• TASK PROMPT
Please keep the images out and set down the data exactly as given.

[Stored dataset items]
--- START ---

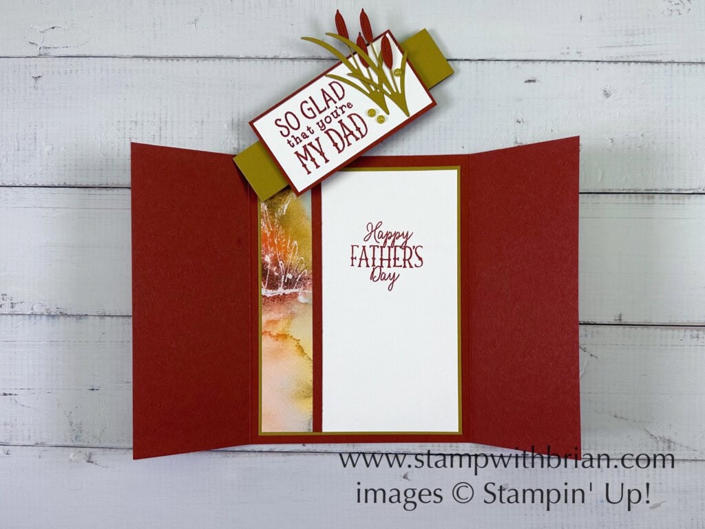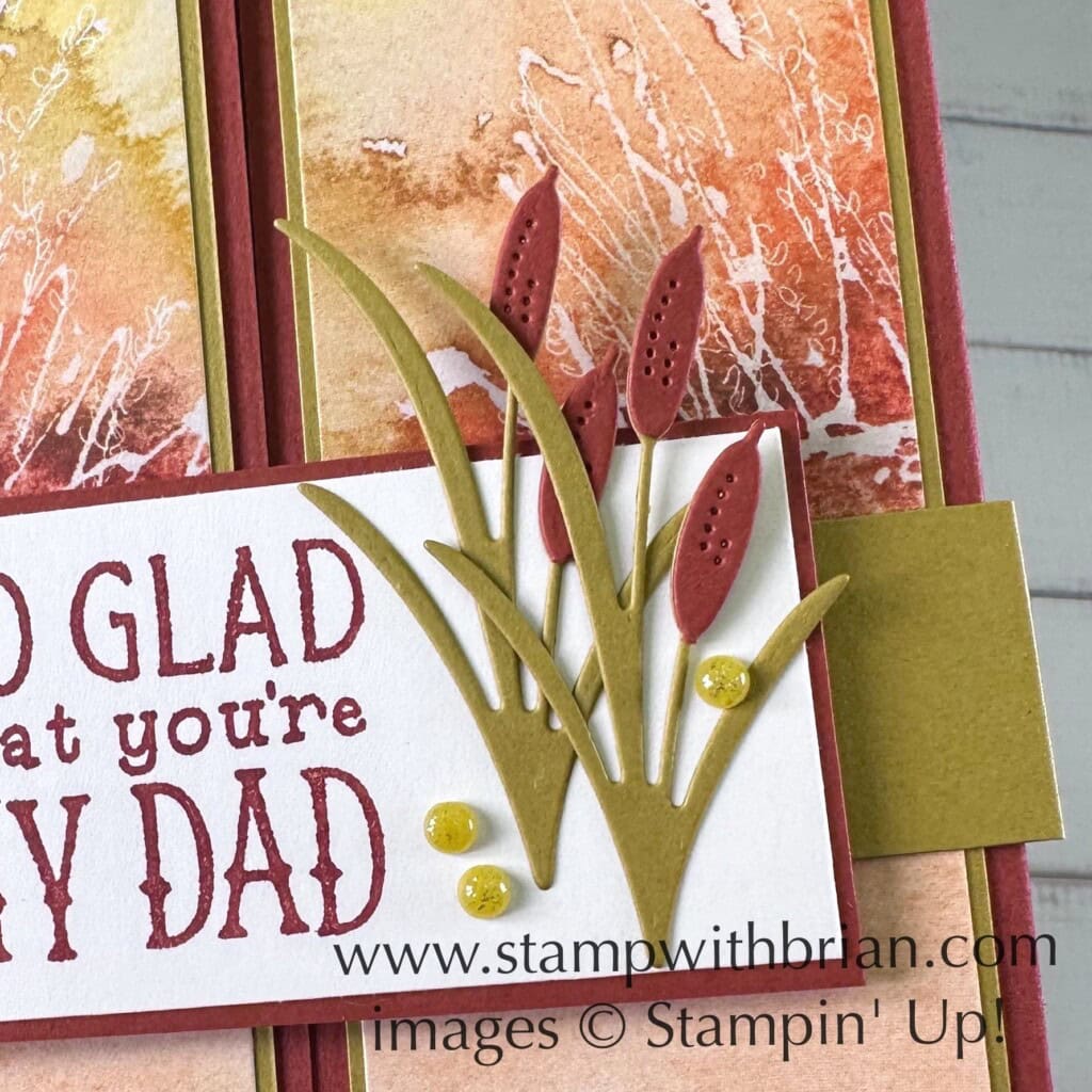 The sentiments on the front of the card (and the inside) are from the Gone Fishing stamp set, a carried over stamp set that’s perfect for the fishing enthusiast or Dad in your life. I added two cattails to the front of the card to coordinate with the imagery of the paper. Here’s a closer look:
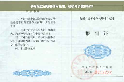 通过本文的介绍,希望业主对装修尾款证明书有更加深入的了解,在撰写装修尾款证明书时,业主应遵循规范操作,确保证明书的真实性和合法性,如有疑问,建议及时咨询专业律师或相关机构,本文为业主提供了详细的装修尾款支付指南,包括了解支付流程、准备材料、撰写规范等,旨在帮助业主顺利完成尾款支付,确保装修款项的顺利结清。
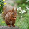Lieblich steht es auf dem großen grauen Steinbrocken, umgeben von den weißen Dolden des Wiesenkerbel und den gelben Blüten des Hahnenfuß, und verzehrt in Seelenruhe seine Nuss. Es ist dabei hellwach und voller Vertrauen. Das süße Köpfchen mit den großen dunkelen Augen und den aufrecht stehenden Ohren, das süße Körperchen mit dem rotbraunen Fell und der buschige Schwanz, machen das Eichhörnchen zu diesem süßen Tierchen, das unsere Herzen erfreut. Das von der Natur verschwenderisch hervorgebrachte Frühlingsgrün, gibt dem Bild eine wohltuende Frische, und es verströmt Harmonie und Frieden.
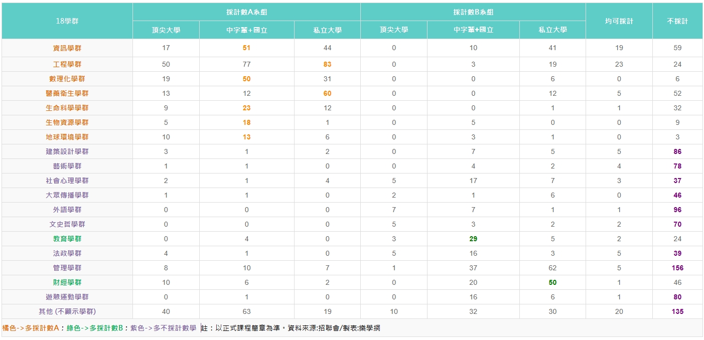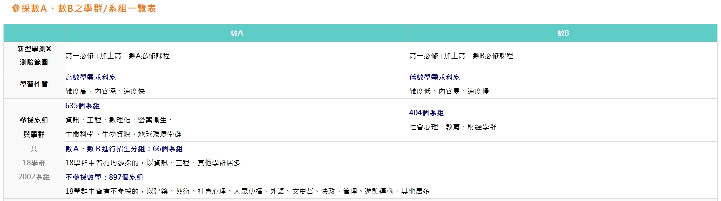 最新消息 - 參採數A、數B之學群/系組一覽表
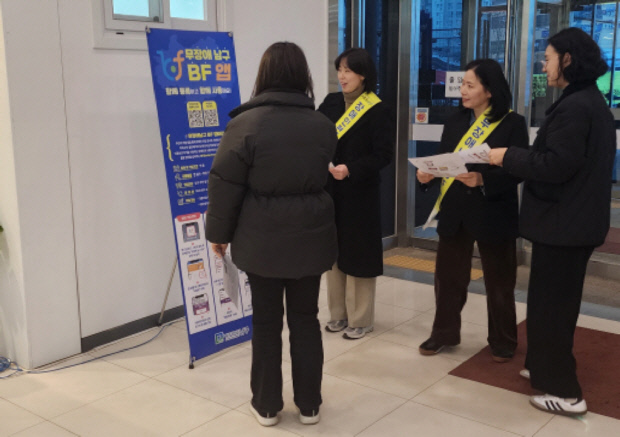 ![]() 광주시 남구 직원들이 최근 청사 내에서 주민들을 대상으로 무장애 남구 BF 앱 홍보를 진행하고 있다. <광주시 남구 제공> |
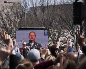 Gun violence activist Emma González speaking at the March for Our Lives on March 24, 2018.
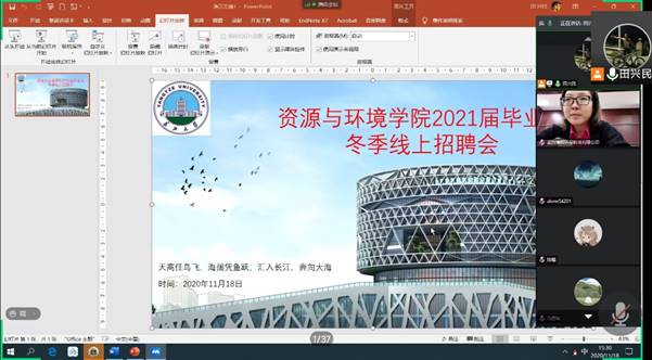 通讯员 严丽萍 田兴民 文/图),在新冠疫情的影响下,当下毕业生的求职就业问题变得越来越难,为了更好的解决毕业生就业难题,为广大毕业生开拓求职就业渠道,304am永利集团于2020年11月18日下午 3点30分,通过腾讯会议在线招聘会的形式,为公司2021届毕业生举行了一场线上招聘会。本次招聘会公司共计邀请到了6家招聘单位,为员工进行在线宣讲。它们分别是武汉中地环科集团有限公司、武汉猿辅导有限公司、武汉境辉环保科技有限公司、武汉链家宏业房地产经纪有限公司和武汉地大华睿地学技术有限公司以及武汉时代地智科技股份有限公司。资环院2021届毕业生(本科与研究生)均参与了本次招聘会。出席本次招聘会的还有公司党委副书记范梅英老师、分团委书记严丽萍老师、学工办办公室主任李春花老师。
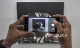Pengunjung mengmbil gambar karya seni yang dipajang pada pameran seni bertajuk Metamorfora di Galeri Ruang Dini, Jalan Anggrek, Bandung Wetan, Kota Bandung, Selasa (10/1/2023). Pameran seni gabungan instrumen fotografi dan lukisan karya seniman Carla Agustian tersebut menampilkan karya seni yang mengusung tema renungan dan kondisi ruang sosial kehidupan saat ini. Pameran tersebut berlangsung hingga 29 Januari mendatang. (FOTO : ABDAN SYAKURA/REPUBLIKA)
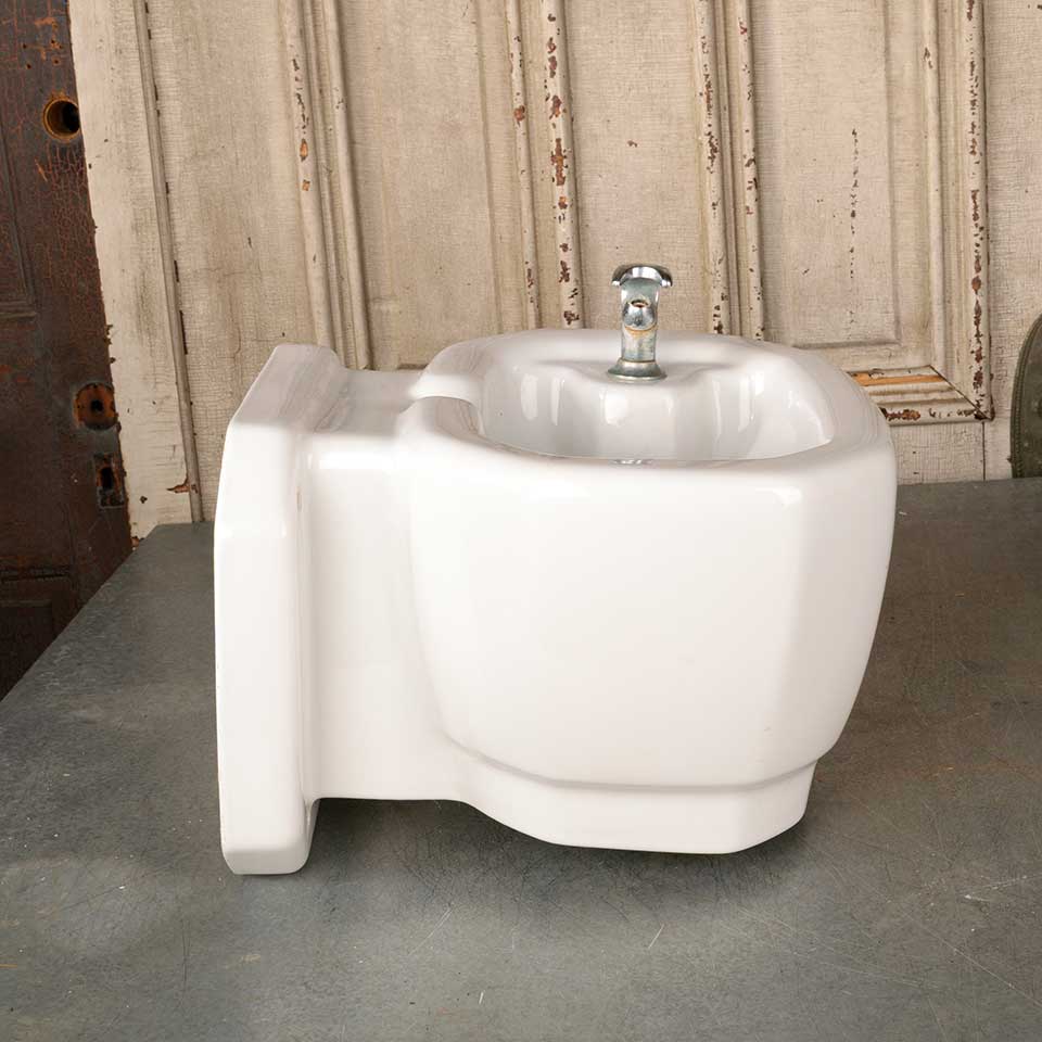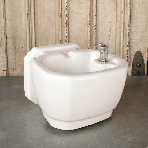 Architectural salvage antique wall mount porcelain Kohler drinking fountain measuring approx. 14 1/2" wide x 11" tall x 14 1/4" front to back. See photos to evaluate condition.

--- END ---

• YOUR SOLUTION
 The sentiments on the front of the card (and the inside) are from the Gone Fishing stamp set, a carried over stamp set that’s perfect for the fishing enthusiast or Dad in your life. I added two cattails to the front of the card to coordinate with the imagery of the paper. Here’s a closer look:
 通过本文的介绍,希望业主对装修尾款证明书有更加深入的了解,在撰写装修尾款证明书时,业主应遵循规范操作,确保证明书的真实性和合法性,如有疑问,建议及时咨询专业律师或相关机构,本文为业主提供了详细的装修尾款支付指南,包括了解支付流程、准备材料、撰写规范等,旨在帮助业主顺利完成尾款支付,确保装修款项的顺利结清。
Lieblich steht es auf dem großen grauen Steinbrocken, umgeben von den weißen Dolden des Wiesenkerbel und den gelben Blüten des Hahnenfuß, und verzehrt in Seelenruhe seine Nuss. Es ist dabei hellwach und voller Vertrauen. Das süße Köpfchen mit den großen dunkelen Augen und den aufrecht stehenden Ohren, das süße Körperchen mit dem rotbraunen Fell und der buschige Schwanz, machen das Eichhörnchen zu diesem süßen Tierchen, das unsere Herzen erfreut. Das von der Natur verschwenderisch hervorgebrachte Frühlingsgrün, gibt dem Bild eine wohltuende Frische, und es verströmt Harmonie und Frieden.
 最新消息 - 參採數A、數B之學群/系組一覽表
 ![]() 광주시 남구 직원들이 최근 청사 내에서 주민들을 대상으로 무장애 남구 BF 앱 홍보를 진행하고 있다. <광주시 남구 제공> |
 Gun violence activist Emma González speaking at the March for Our Lives on March 24, 2018.
 通讯员 严丽萍 田兴民 文/图),在新冠疫情的影响下,当下毕业生的求职就业问题变得越来越难,为了更好的解决毕业生就业难题,为广大毕业生开拓求职就业渠道,304am永利集团于2020年11月18日下午 3点30分,通过腾讯会议在线招聘会的形式,为公司2021届毕业生举行了一场线上招聘会。本次招聘会公司共计邀请到了6家招聘单位,为员工进行在线宣讲。它们分别是武汉中地环科集团有限公司、武汉猿辅导有限公司、武汉境辉环保科技有限公司、武汉链家宏业房地产经纪有限公司和武汉地大华睿地学技术有限公司以及武汉时代地智科技股份有限公司。资环院2021届毕业生(本科与研究生)均参与了本次招聘会。出席本次招聘会的还有公司党委副书记范梅英老师、分团委书记严丽萍老师、学工办办公室主任李春花老师。
Pengunjung mengmbil gambar karya seni yang dipajang pada pameran seni bertajuk Metamorfora di Galeri Ruang Dini, Jalan Anggrek, Bandung Wetan, Kota Bandung, Selasa (10/1/2023). Pameran seni gabungan instrumen fotografi dan lukisan karya seniman Carla Agustian tersebut menampilkan karya seni yang mengusung tema renungan dan kondisi ruang sosial kehidupan saat ini. Pameran tersebut berlangsung hingga 29 Januari mendatang. (FOTO : ABDAN SYAKURA/REPUBLIKA)
 Architectural salvage antique wall mount porcelain Kohler drinking fountain measuring approx. 14 1/2" wide x 11" tall x 14 1/4" front to back. See photos to evaluate condition.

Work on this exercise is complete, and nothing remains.